2023-05-29T05:01:04.171Z

Highlights: A new study has found that having more than two children affects a woman's heart health. Women who had five or more children were 38 percent more likely to have a heart attack. The researchers examined 30-year health data from 8,583 women aged 45 to 64 years. The goal of the study is not to scare women but to let them know as early as possible if they may be at increased risk of heart attacks, the researchers said."A study like this reminds us that regardless of the stereotype of an overweight middle-aged man, heart disease attacks both men and women," Dr. Claire Oliver-Williams said.

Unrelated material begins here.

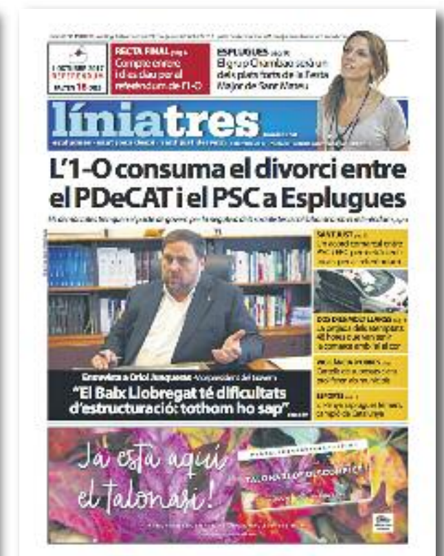
Número 49 · Setembre del 2017

A new study has found that having more than two children affects a woman's heart health. Is it their increase or the health burden of pregnancy? There is still no clear answer to this


A mother with two young children (Photo: ShutterStock)

Multiple pregnancies are not easy for the body, but we know that raising children is not easy either. A new study from the universities of Cambridge and North Carolina found that women who had five or more children were 38 percent more likely to have a heart attack than women who carried only one or two pregnancies.

After examining 30-year health data from 8,583 women aged 45 to 64 years, the researchers also found that subjects who had five or more births had a 25 percent and 17 percent higher risk of stroke and heart failure, respectively, while women with three to four children had a moderately increased risk of serious health consequences.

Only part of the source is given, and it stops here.